EXERCISE DATA:

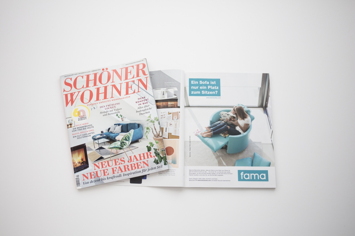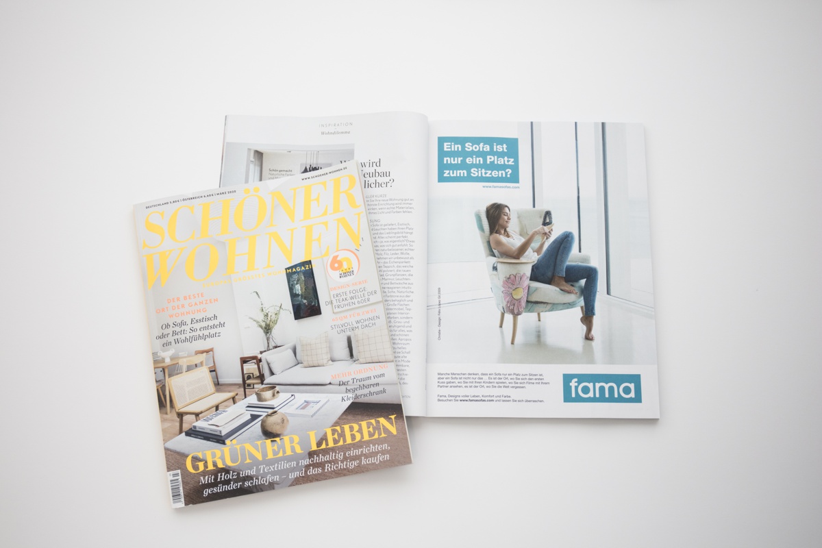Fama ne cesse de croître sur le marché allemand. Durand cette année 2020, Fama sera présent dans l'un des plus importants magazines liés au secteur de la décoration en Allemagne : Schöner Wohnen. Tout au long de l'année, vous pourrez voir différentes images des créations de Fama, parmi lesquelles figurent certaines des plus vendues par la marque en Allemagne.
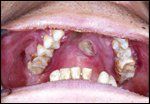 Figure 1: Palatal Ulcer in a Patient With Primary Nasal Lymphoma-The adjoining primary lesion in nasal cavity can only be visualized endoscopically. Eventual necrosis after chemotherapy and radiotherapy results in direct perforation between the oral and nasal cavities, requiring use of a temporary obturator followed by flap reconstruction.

* * *

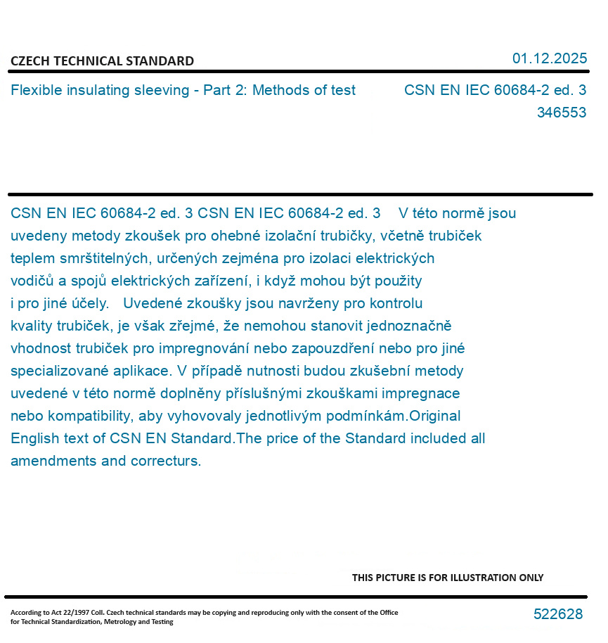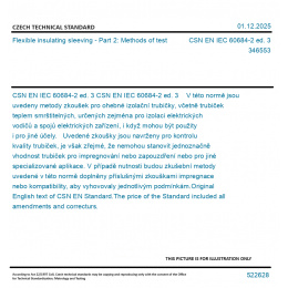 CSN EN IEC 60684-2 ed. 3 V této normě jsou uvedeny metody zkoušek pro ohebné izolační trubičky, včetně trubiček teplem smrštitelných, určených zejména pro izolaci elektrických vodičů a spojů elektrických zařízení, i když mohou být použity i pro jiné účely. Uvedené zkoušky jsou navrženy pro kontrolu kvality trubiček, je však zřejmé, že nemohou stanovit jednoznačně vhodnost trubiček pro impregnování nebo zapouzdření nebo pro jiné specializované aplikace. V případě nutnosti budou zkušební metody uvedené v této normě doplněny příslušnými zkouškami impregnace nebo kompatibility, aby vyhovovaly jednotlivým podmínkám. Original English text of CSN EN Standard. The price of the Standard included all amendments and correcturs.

---

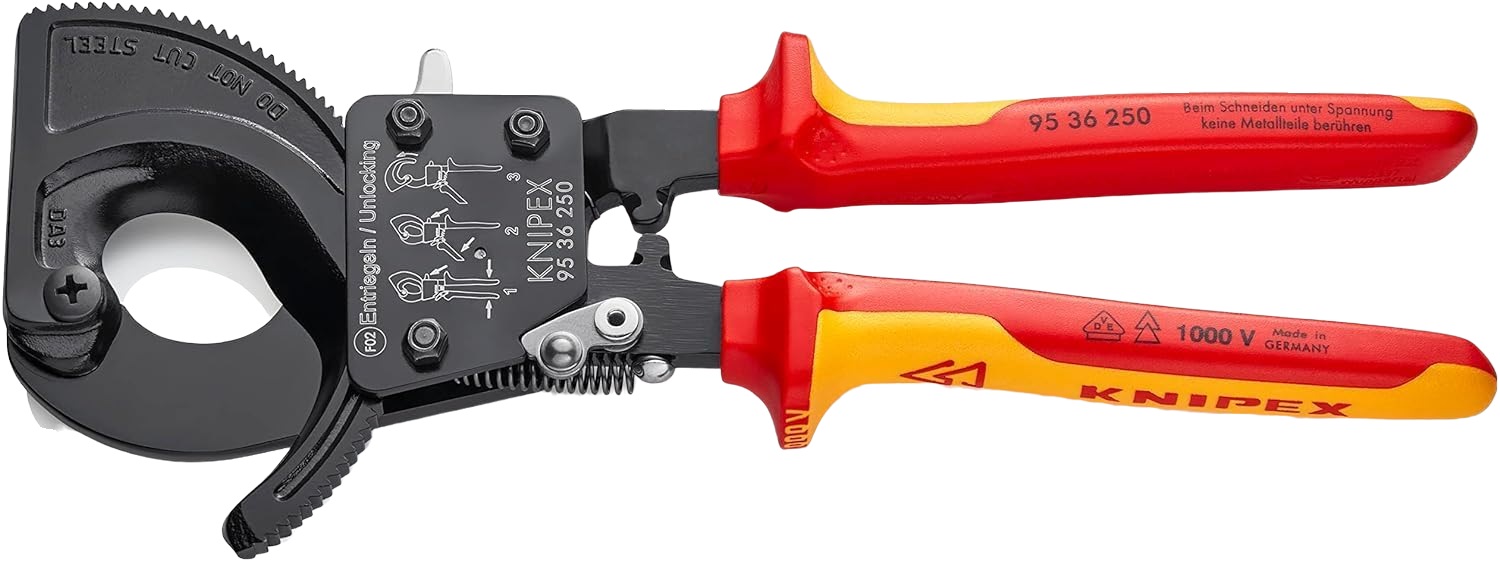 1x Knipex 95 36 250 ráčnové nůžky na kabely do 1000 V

ASSIGNMENT:
From the listing above, please give again the lines that begin with the line holding "Fama ne cesse" and go on through the line holding "Figure 1: Palatal", exactly, both ends included, minus any picture.

RESULT BELOW:
Fama ne cesse de croître sur le marché allemand. Durand cette année 2020, Fama sera présent dans l'un des plus importants magazines liés au secteur de la décoration en Allemagne : Schöner Wohnen. Tout au long de l'année, vous pourrez voir différentes images des créations de Fama, parmi lesquelles figurent certaines des plus vendues par la marque en Allemagne.
 Figure 1: Palatal Ulcer in a Patient With Primary Nasal Lymphoma-The adjoining primary lesion in nasal cavity can only be visualized endoscopically. Eventual necrosis after chemotherapy and radiotherapy results in direct perforation between the oral and nasal cavities, requiring use of a temporary obturator followed by flap reconstruction.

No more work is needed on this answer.